Return the lines of the material below exactly, beginning with the line that has "Men Slim Fit" in it and finishing with the line that has "Welbilt AMB3500 - About Your Bread Machine" in it. Leave all pictures aside.
<<<<
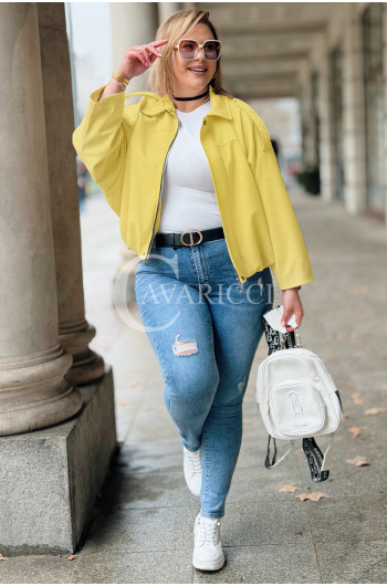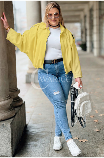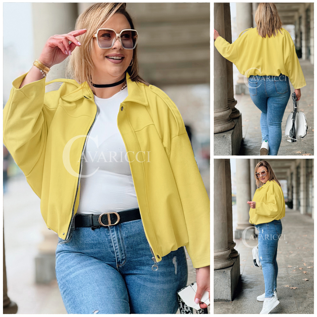 ZAVIA - Stylowa zamszowa bomberka z eleganckim wykończeniem w kolorze bananowym
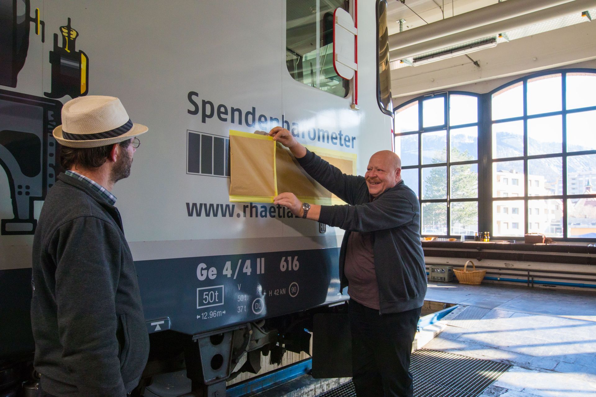 Die bestehenden drei Briketts wurden um vier ergänzt. Somit bildet der Spendenbarometer neu 350'000 Franken ab. Die Enthüllung wurde durch Thomas Gryzlak (ehemaliger Drogerieleiter aus Vaduz) vollzogen. Gryzlak ist der erste «Spendenchampion». Er hat in der Altjahrswoche 2018 an seinem ehemaligen Arbeitsort in der Drogerie APODRO in Vaduz rund 2'500.00 Franken für das Projekt RHÆTIA gesammelt. Die aktuell grösste Spende stammt von der Doris-Baeder-Gabriel-Stiftung aus dem Oberengadin.
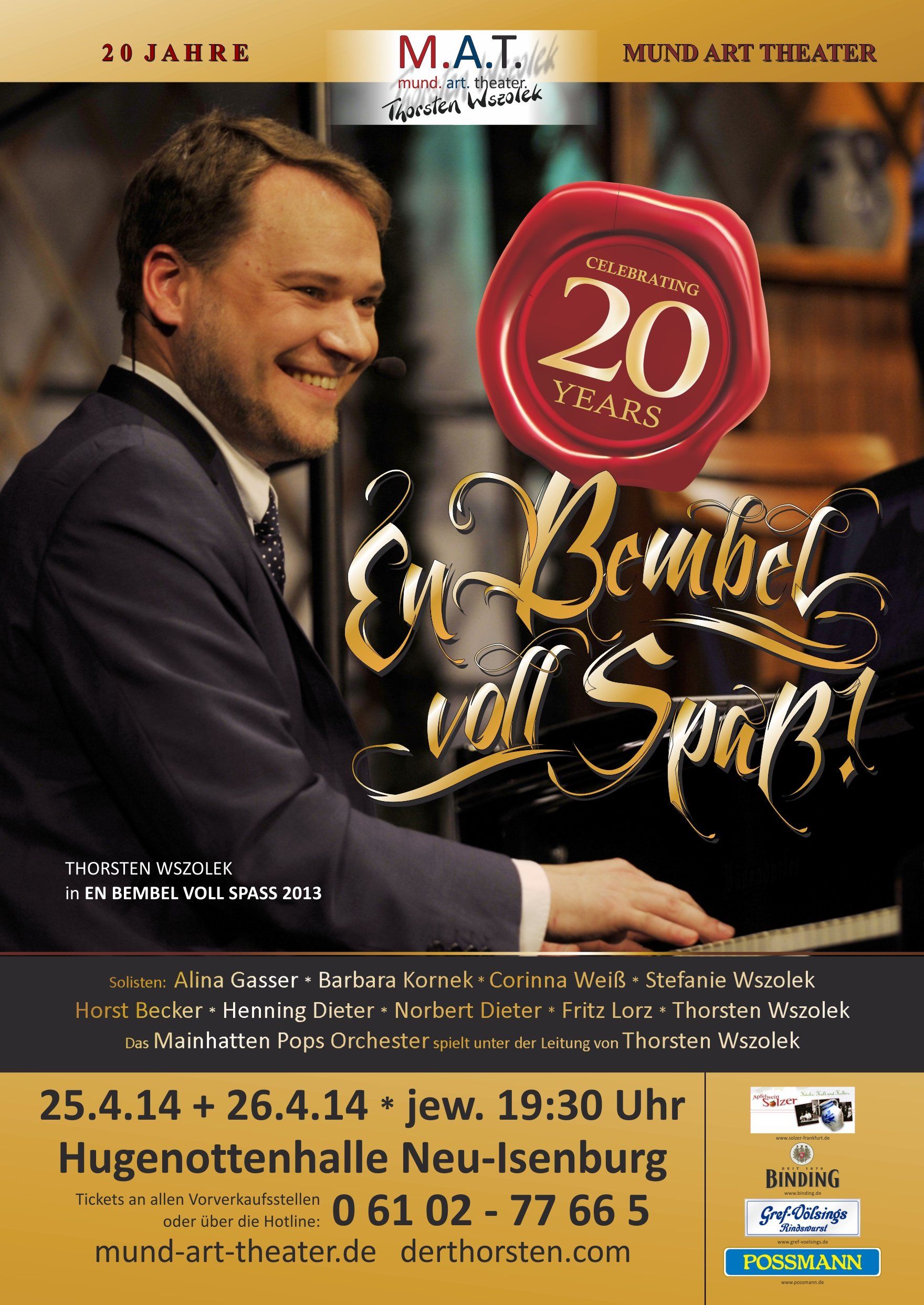 Und dafür eigentlich sich das Format EN BEMBEL VOLL SPASS hervorragend. Das Mund Art Theater - Thorsten Wszolek feiert sich selber in einer etwas festlicheren Form der gewöhnlichen "Bembel"-Produktionen und bereichert das Programm mit Filmeinspielern, die dem Publikum die komplette Bandbreite aus 20 Jahren Theater- und Konzertarbeit darbieten.
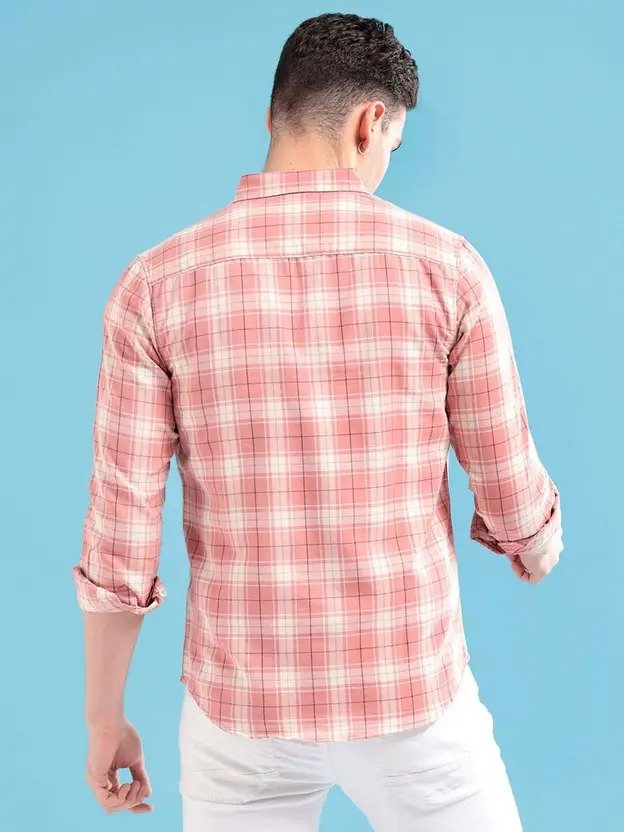 Men Slim Fit Checkered Spread Collar Casual Shirt
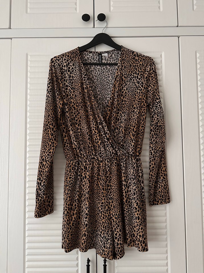 H&M Uzun Kollu Kahverengi Leopar Desenli Mini Tulum
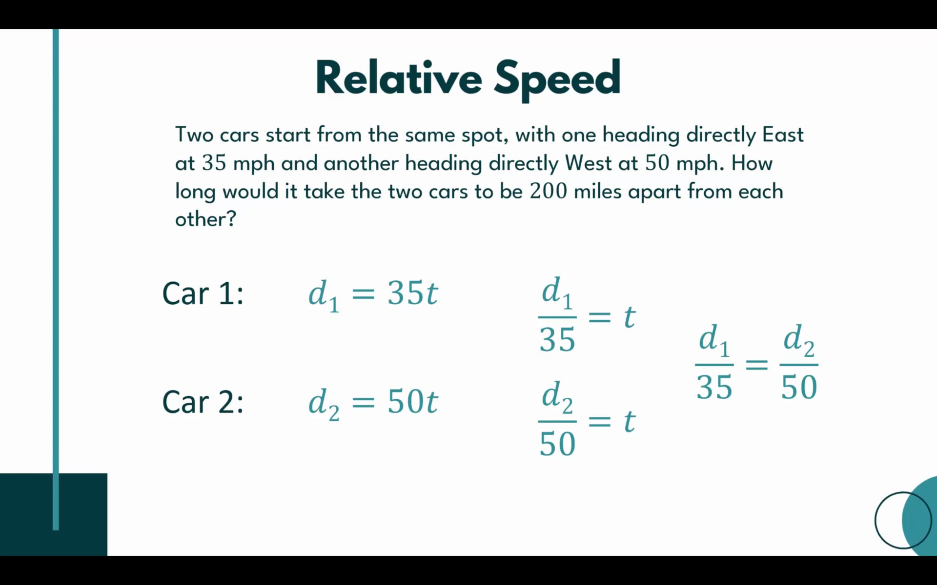 You can use easy numbers to clarify the logic. What happens after one hour? Obviously the cars have different rates and different distances, but they both traveled for t, in this case, one hour. Now apply that logic to the question.
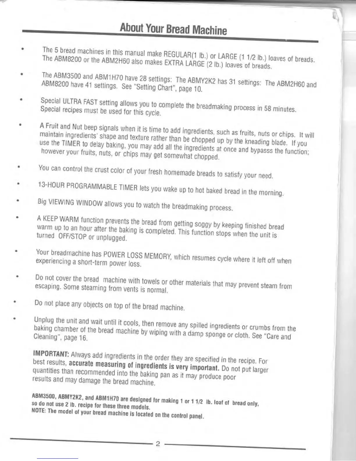 Welbilt AMB3500 - About Your Bread Machine
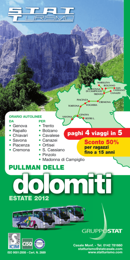 MARILLEVA MARILLEVA BOLZANO BOLZANO SAN MADONNA SAN CASSIANO DI MADONNA CAMPIGLIO CASSIANO DI CAMPIGLIO CANAZEI TRENTO CANAZEI TRENTO PIACENZA PIACENZA TORTONA TORTONA ORARIO AUTOLINEE PER DA • • • • • • Genova Rapallo Chiavari Savona Piacenza Cremona • • • • • • • • SAVONA SAVONA VOGHERA VOGHERA CREMONA CREMONA GENOVA GENOVA SESTRI L. SESTRI L. Trento Bolzano paghi viaggi in Cavalese Canazei Sconto 50% Ortisei per ragazzi S. Cassiano fino a 15 anni Pinzolo Madonna di Campiglio 4 5 PULLMAN DELLE dolomiti ESTATE 2012 ISO 9001:2008 - Cert. N. 2689 Casale Monf. - Tel. 0142 781660 [email protected] www.statturismo.com Sconto 50% per ragazzi fino a 15 anni ANDATA C A 5.00 5.04 5.09 5.14 5.36 5.42 5.45 6.00 5.05 5.08 5.11 5.15 5.35 6.05 6.20 6.25 7.20 7.35 7.50 8.40 9.40 11.40 12.00 13.15 13.22 13.25 13.30 13.35 13.50 13.53 14.00 14.02 14.05 14.08 14.09 14.11 14.12 14.13 14.15 14.20 DOLOMITI Savona • SESTRI • GENOVA • Piacenza Cremona • Trento • CANAZEI paghi 4 viaggi in 5 RITORNO D B a SAVONA (P.zza del Popolo - fermata bus) 16.55 Albisola (Bagni Colombo) 16.50 Celle (Via Aurelia - fermata bus) 16.45 Varazze (C.so Matteotti - fermata bus) 16.40 Voltri (Via Pra - angolo uscita autostrada - fermata bus) 16.16 Pegli (Hotel Mediterranèe - fermata bus) 16.08 Sestri Ponente (Via Merano 24/r - fermata bus) 16.05 p GENOVA (P.zza della Vittoria 2- 4 - lato INPS - fermata STAT) 15.45 a SESTRI LEVANTE (P.zza Italia 4 - fermata bus Ag. La Vela) 16.45 Cavi di Lavagna (P.zza Stazione FS) 16.42 Lavagna (P.zza Stazione FS) 16.39 Chiavari (Edicola fronte Stazione FS) Chiavari (Stazione FS - fermata bus) 16.35 Rapallo (P.zza delle Nazioni - fermata bus) Rapallo (Casello Autostradale - P.zzale Genova - fermata bus) 16.20 p GENOVA (P.zza della Vittoria 2- 4 - lato INPS - fermata STAT) 15.45 a 15.30 GENOVA (P.zza della Vittoria 2- 4 - lato INPS - fermata STAT) GENOVA (P.zza Acquaverde - Stazione Principe) 15.20 TORTONA (Autostazione) PRENOTAZIONE OBBLIGATORIA 14.15 VOGHERA (Stazione FS) PRENOTAZIONE OBBLIGATORIA 14.00 VOGHERA (Casello Autostrada) PRENOTAZIONE OBBLIGATORIA Broni-Stradella (Autogrill Pavesi - A21 TO-PC) PRENOT. OBBLIGATORIA 13.45 PIACENZA (Via Gorra - Stadio - parcheggio scambiatore) H 13.15 CREMONA (Autostazione) 12.40 p 9.50 TRENTO (Autostazione) a 9.25 TRENTO (Autostazione) Cavalese (Autostazione - Via Marconi) m. 1000 8.08 Tesero (fermata bus - P.zza Cesare Battisti) m. 900 8.02 Panchià (fermata bus) m. 981 7.56 Ziano (fermata bus - P.zza Italia) m. 953 7.53 PREDAZZO (Autostazione) m. 1014 7.50 MOENA (Autostazione) m. 1184 7.35 Soraga (fermata bus - P.zza CIOK) m. 1210 7.32 VIGO DI FASSA (fermata bus - HTL Astoria) 7.25 VIGO DI FASSA (fermata bus - S.Giovanni-hotel Dolomiti) 7.23 POZZA DI FASSA (Località Vac) 7.20 PERA DI FASSA (HTL Rizzi) m. 1315 7.17 Mazzin (fermata bus - Ufficio Turistico) m. 1315 7.16 Campestrin (fermata bus - Albergo Fassa) m. 1373 7.15 Fontanazzo (fermata bus - Albergo Ciamol) m. 1373 7.13 CAMPITELLO (fermata bus - P.zza Centrale) m. 1448 7.10 CANAZEI (fermata bus Piazza Marconi) m. 1465 7.05 p 7.00 CANAZEI ALBA (fermata bus - Albergo Alba) FERMATE p a p a p a p a A Lunedì, Giovedì e Sabato dal 30/6 al 1/9. Corse supplementari Sabato 8 e 15 settembre. B Martedì, Venerdì e Domenica dal 1/7 al 2/9. Corse supplementari Domenica 9 e 16 settembre. C Da Savona e Sestri Levante Sabato e Lunedì dal 30/6 al 18/8. D Fino a Savona e Sestri Levante Venerdì e Domenica dal 1/7 al 19/8. NOTA: Nel viaggio di ritorno a seconda delle condizioni del traffico, a discrezione del conducente, l’ordine delle fermate a Genova potrà essere invertito. INVERNO 2012 / 2013 Da Dicembre a Marzo. Per gli orari consultare “PULLMAN DELLA NEVE” 2012 / 2013. H Collegamenti da Piacenza centro per via Gorra gestiti da TEMPI AGENZIA (navetta Stadio e linea 8). INFO: 800 211 173 SOSTE: VEDI NOTA ◆ Sconto 50% per ragazzi fino a 15 anni ANDATA C A 5.00 5.04 5.09 5.14 5.36 5.42 5.45 6.00 5.05 5.08 5.11 5.15 5.35 6.05 6.20 6.25 7.20 7.35 7.50 8.40 9.40 11.40 12.35 12.55 13.25 13.35 13.40 13.55 14.15 14.16 14.20 14.21 14.35 14.55 15.10 15.15 15.16 15.20 15.30 DOLOMITI SAVONA • Sestri • GENOVA • Cremona Bolzano • Ortisei • SAN CASSIANO paghi 4 viaggi in 5 RITORNO B D a SAVONA (P.zza del Popolo - fermata bus) 16.55 Albisola (Bagni Colombo) 16.50 Celle (Via Aurelia-fermata bus) 16.45 Varazze (C.so Matteotti - ferm.bus) 16.40 Voltri (Via Pra - angolo uscita autostrada - fermata bus) 16.16 Pegli (Hotel Mediterranèe-fermata bus) 16.08 Sestri Ponente (Via Merano 24/r - fermata bus) 16.05 p GENOVA (P.zza della Vittoria 2- 4 - lato INPS - fermata STAT) 15.45 a SESTRI LEVANTE (P.zza Italia 4 - fermata bus Ag. La Vela) 16.45 Cavi di Lavagna (P.zza Stazione FS) 16.42 Lavagna (P.zza Stazione FS) 16.39 Chiavari (Edicola fronte Stazione FS) Chiavari (Stazione FS - fermata bus) 16.35 Rapallo (P.zza delle Nazioni - fermata bus) Rapallo (Casello Autostradale - P.zzale Genova - fermata bus) 16.20 p GENOVA (P.zza della Vittoria 2- 4 - lato INPS - fermata STAT) 15.45 a 15.30 GENOVA (P.zza della Vittoria 2- 4 - lato INPS - fermata STAT) GENOVA (P.zza Acquaverde - Stazione Principe) 15.20 TORTONA (Autostazione) PRENOTAZIONE OBBLIGATORIA 14.15 VOGHERA (Stazione FS) PRENOTAZIONE OBBLIGATORIA 14.00 VOGHERA (Casello Autostrada) PRENOTAZIONE OBBLIGATORIA Broni-Stradella (Autogrill Pavesi - A21 TO-PC) PRENOT. OBBLIGATORIA 13.45 PIACENZA (Via Gorra - Stadio - parcheggio scambiatore) H 13.15 CREMONA (Autostazione) 12.40 TRENTO (Autostazione) 9.50 p 9.00 BOLZANO (Autostazione) a 8.40 BOLZANO (Autostazione) Fiè a Sciliar (fermata bus - fronte Ufficio Informazioni) 8.15 SIUSI (Autostazione fronte ufficio informazioni) m. 998 8.10 Castelrotto (Piazzale partenze bus) m. 1060 8.05 ORTISEI (Autostazione - P.zza S. Antone) 7.45 S. CRISTINA (fermata bus - Municipio) m. 1428 7.35 S. CRISTINA (hotel Dosses) 7.34 SELVA DI VALGARDENA (fermata bus - hotel Oswald) 7.30 SELVA DI VALGARDENA (ferm
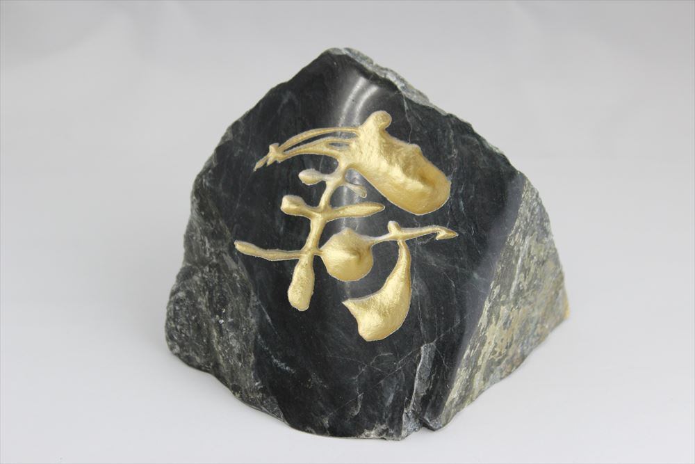 「寿」の文字を彫り込み、金(ゴールド)で色付けました。
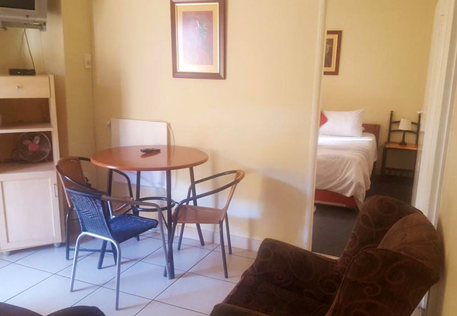 Ideal for trade workers or contractor groups working in the area. Unit has its own private entrance, two bedrooms, small lounge area and kitchenette, DSTV Hotel package, Wi-Fi Internet access, daily cleaning.
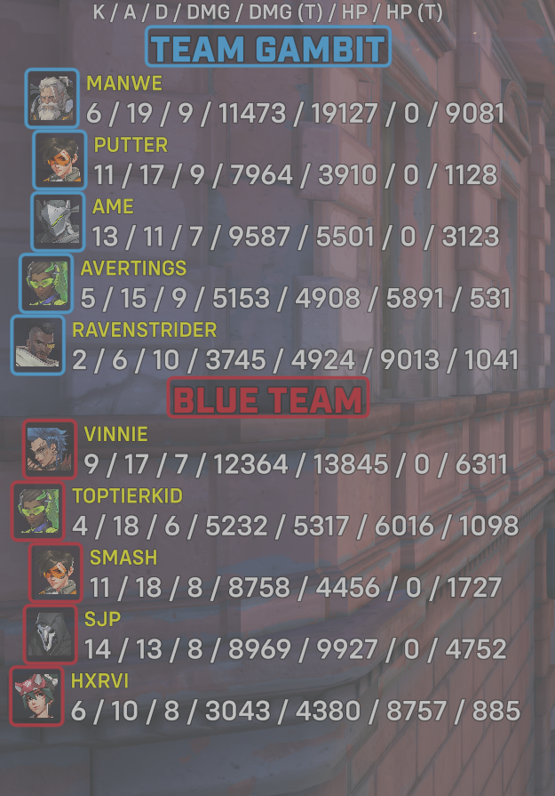 10 entries| Team | Player | Kills | Assists | Deaths | Damage | Damage (Taken) | Healing | Healing (Taken) |
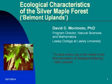 <Notice: Removed> Ecological Characteristics of the Silver Maple Forest ( PowerPoint PPT Presentation
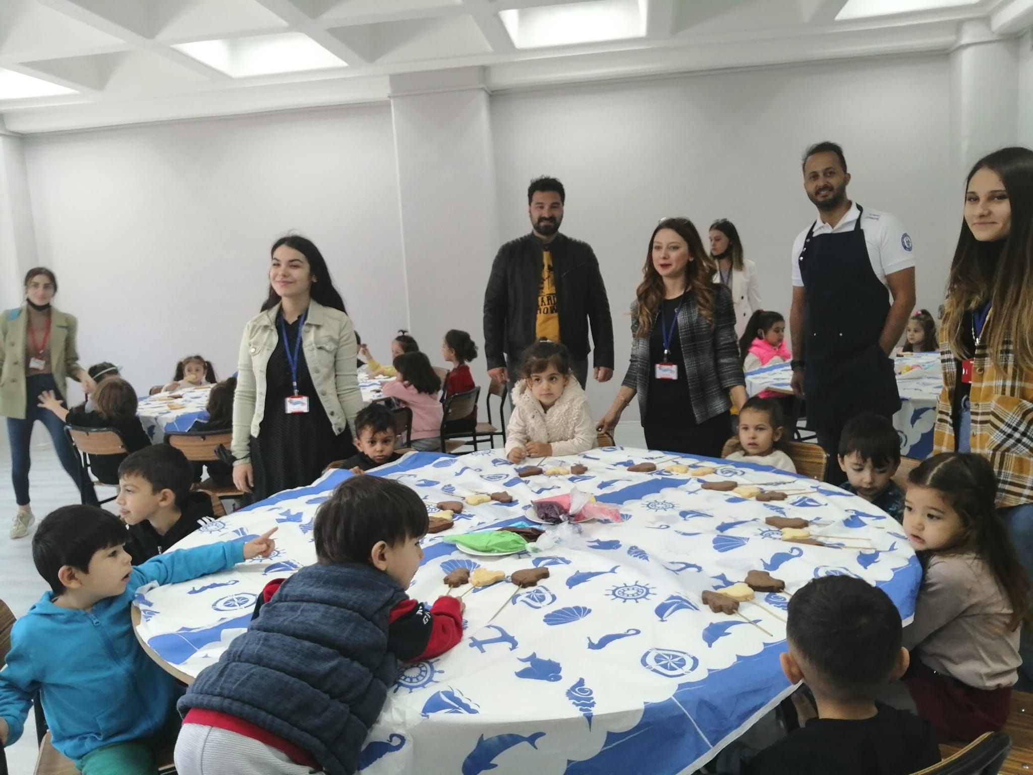 KuÅŸadası Özel Deniz Yıldızı Anaokulunun minik öÄŸrencileri fakültemizin Uygulama Mutfağında, ÖÄŸr.Gör. Ozan GÜNGÖR ve ÖÄŸr.Gör. Okan Umut ŞİMÅžEK ile birlikte kurabiye süsleme faaliyeti yaptılar.
>>>>
**Answer below:**
 Men Slim Fit Checkered Spread Collar Casual Shirt
 H&M Uzun Kollu Kahverengi Leopar Desenli Mini Tulum
 You can use easy numbers to clarify the logic. What happens after one hour? Obviously the cars have different rates and different distances, but they both traveled for t, in this case, one hour. Now apply that logic to the question.
 Welbilt AMB3500 - About Your Bread Machine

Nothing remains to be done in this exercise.